Kamminga Nadia C W, Kievits June E C, Plaisier Peter W, Burgers Jako S, van der Veldt Astrid M, van den Brand Jan A G J, Mulder Mark, Wakkee Marlies, Lugtenberg Marjolein, Nijsten Tamar
Department of Dermatology, Erasmus MC Cancer Institute, University Medical Center Rotterdam, the Netherlands.
Department of Surgery, Albert Schweitzer Hospital, Dordrecht, the Netherlands.
Br J Dermatol. 2025 Jan 24;192(2):306-315. doi: 10.1093/bjd/ljae377.
Large language models (LLMs) have a potential role in providing adequate patient information.
To compare the quality of LLM responses with established Dutch patient information resources (PIRs) in answering patient questions regarding melanoma.
Responses from ChatGPT versions 3.5 and 4.0, Gemini, and three leading Dutch melanoma PIRs to 50 melanoma-specific questions were examined at baseline and for LLMs again after 8 months. Outcomes included (medical) accuracy, completeness, personalization, readability and, additionally, reproducibility for LLMs. Comparative analyses were performed within LLMs and PIRs using Friedman's Anova, and between best-performing LLMs and gold-standard (GS) PIRs using the Wilcoxon signed-rank test.
Within LLMs, ChatGPT-3.5 demonstrated the highest accuracy (P = 0.009). Gemini performed best in completeness (P < 0.001), personalization (P = 0.007) and readability (P < 0.001). PIRs were consistent in accuracy and completeness, with the general practitioner's website excelling in personalization (P = 0.013) and readability (P < 0.001). The best-performing LLMs outperformed the GS-PIR on completeness and personalization, yet it was less accurate and less readable. Over time, response reproducibility decreased for all LLMs, showing variability across outcomes.
Although LLMs show potential in providing highly personalized and complete responses to patient questions regarding melanoma, improving and safeguarding accuracy, reproducibility and accessibility is crucial before they can replace or complement conventional PIRs.
大语言模型在提供充分的患者信息方面具有潜在作用。
比较大语言模型的回答质量与荷兰已有的患者信息资源(PIRs)在回答有关黑色素瘤的患者问题时的质量。
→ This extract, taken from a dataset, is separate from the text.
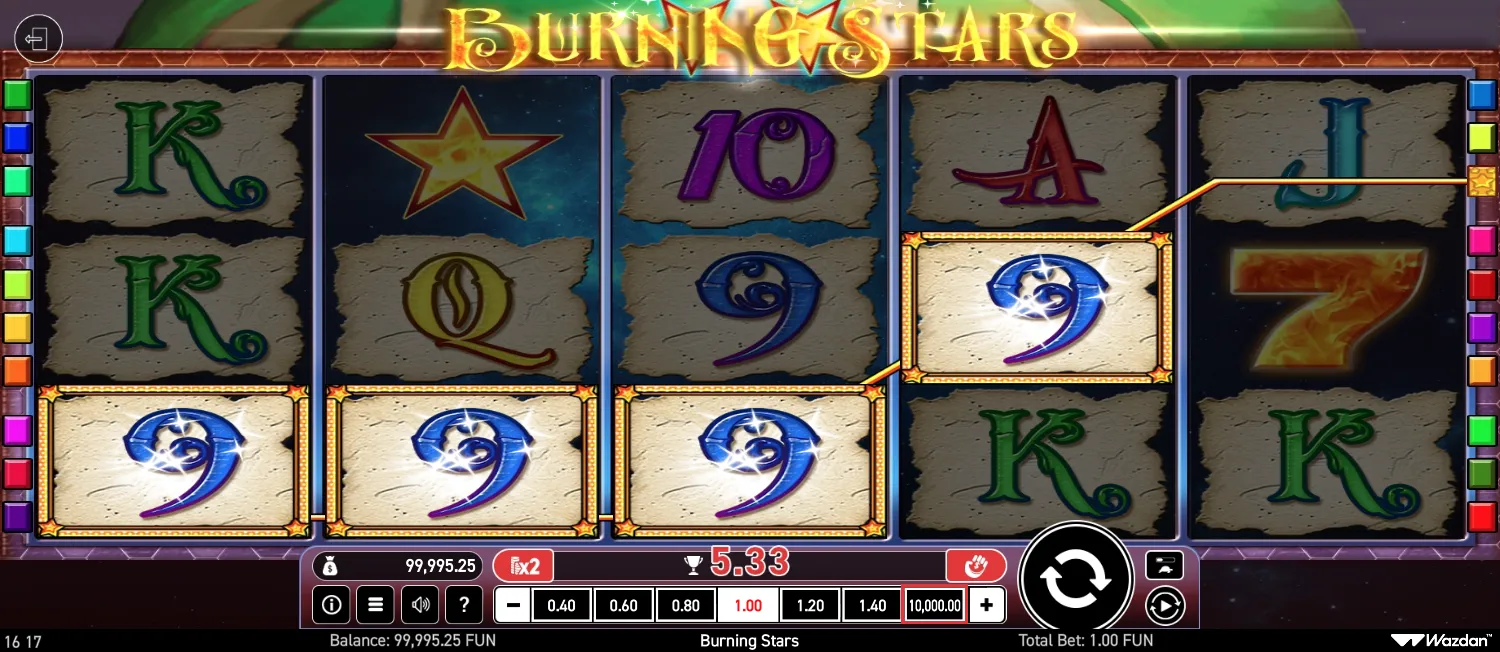 Burning Stars is classified as a low-med volatility slot. This means that you can expect more frequent but smaller wins, making it ideal for extended play sessions with a smaller bankroll.

在基线时检查ChatGPT 3.5和4.0版本、Gemini以及三个荷兰领先的黑色素瘤PIRs对50个黑色素瘤特定问题的回答,并在8个月后再次检查大语言模型的回答。结果包括(医学)准确性、完整性、个性化、可读性,此外还包括大语言模型的可重复性。使用弗里德曼方差分析在大语言模型和PIRs内部进行比较分析,并使用威尔科克森符号秩检验在表现最佳的大语言模型和金标准(GS)PIRs之间进行比较分析。
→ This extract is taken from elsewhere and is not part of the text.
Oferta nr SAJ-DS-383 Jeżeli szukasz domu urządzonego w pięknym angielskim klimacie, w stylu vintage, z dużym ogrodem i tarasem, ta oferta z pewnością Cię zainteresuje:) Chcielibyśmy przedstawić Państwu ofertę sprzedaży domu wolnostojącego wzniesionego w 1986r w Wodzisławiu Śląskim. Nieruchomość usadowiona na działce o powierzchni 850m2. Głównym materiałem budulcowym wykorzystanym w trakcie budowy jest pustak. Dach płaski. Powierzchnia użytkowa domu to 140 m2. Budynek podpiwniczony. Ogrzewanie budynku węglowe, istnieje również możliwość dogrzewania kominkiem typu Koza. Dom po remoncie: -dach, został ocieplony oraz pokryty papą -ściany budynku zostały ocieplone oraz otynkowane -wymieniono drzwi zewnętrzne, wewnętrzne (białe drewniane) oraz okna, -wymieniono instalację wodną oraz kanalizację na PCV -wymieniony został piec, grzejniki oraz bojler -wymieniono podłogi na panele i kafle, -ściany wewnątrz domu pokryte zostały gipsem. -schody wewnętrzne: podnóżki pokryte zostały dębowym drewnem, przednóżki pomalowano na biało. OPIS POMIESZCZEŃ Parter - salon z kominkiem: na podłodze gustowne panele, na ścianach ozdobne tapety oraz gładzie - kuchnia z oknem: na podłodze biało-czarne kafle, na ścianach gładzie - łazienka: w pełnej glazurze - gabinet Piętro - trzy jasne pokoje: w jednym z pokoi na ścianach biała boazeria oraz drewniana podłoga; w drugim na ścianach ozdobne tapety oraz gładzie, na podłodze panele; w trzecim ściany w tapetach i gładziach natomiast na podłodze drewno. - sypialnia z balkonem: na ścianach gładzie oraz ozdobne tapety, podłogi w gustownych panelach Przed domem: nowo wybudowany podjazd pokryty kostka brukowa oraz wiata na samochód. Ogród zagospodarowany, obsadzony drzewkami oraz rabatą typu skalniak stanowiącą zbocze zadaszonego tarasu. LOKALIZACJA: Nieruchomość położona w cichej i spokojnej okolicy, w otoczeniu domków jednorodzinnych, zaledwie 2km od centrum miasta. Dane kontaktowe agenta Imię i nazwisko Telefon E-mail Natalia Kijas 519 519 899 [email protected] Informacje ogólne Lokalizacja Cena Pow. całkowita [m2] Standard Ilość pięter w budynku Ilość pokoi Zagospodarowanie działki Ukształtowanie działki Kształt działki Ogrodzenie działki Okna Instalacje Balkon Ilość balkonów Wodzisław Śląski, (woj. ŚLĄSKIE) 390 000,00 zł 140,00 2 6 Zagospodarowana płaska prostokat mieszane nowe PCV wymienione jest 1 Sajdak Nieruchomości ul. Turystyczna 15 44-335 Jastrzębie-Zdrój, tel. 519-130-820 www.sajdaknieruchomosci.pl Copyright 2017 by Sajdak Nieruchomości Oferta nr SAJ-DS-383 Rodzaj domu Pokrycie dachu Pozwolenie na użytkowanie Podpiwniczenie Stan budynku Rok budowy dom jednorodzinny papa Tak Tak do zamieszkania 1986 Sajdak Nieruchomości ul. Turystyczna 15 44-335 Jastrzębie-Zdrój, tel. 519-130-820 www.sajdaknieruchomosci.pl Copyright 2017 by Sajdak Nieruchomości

在大语言模型中,ChatGPT-3.5表现出最高的准确性(P = 0.009)。Gemini在完整性(P < 0.001)、个性化(P = 0.007)和可读性(P < 0.001)方面表现最佳。PIRs在准确性和完整性方面较为一致,全科医生网站在个性化(P = 0.013)和可读性(P < 0.001)方面表现出色。表现最佳的大语言模型在完整性和个性化方面优于GS-PIR,但准确性和可读性较低。随着时间的推移,所有大语言模型的回答可重复性均下降,不同结果存在差异。
尽管大语言模型在为患者关于黑色素瘤的问题提供高度个性化和完整的回答方面显示出潜力,但在它们能够取代或补充传统PIRs之前,提高并保障准确性、可重复性和可及性至关重要。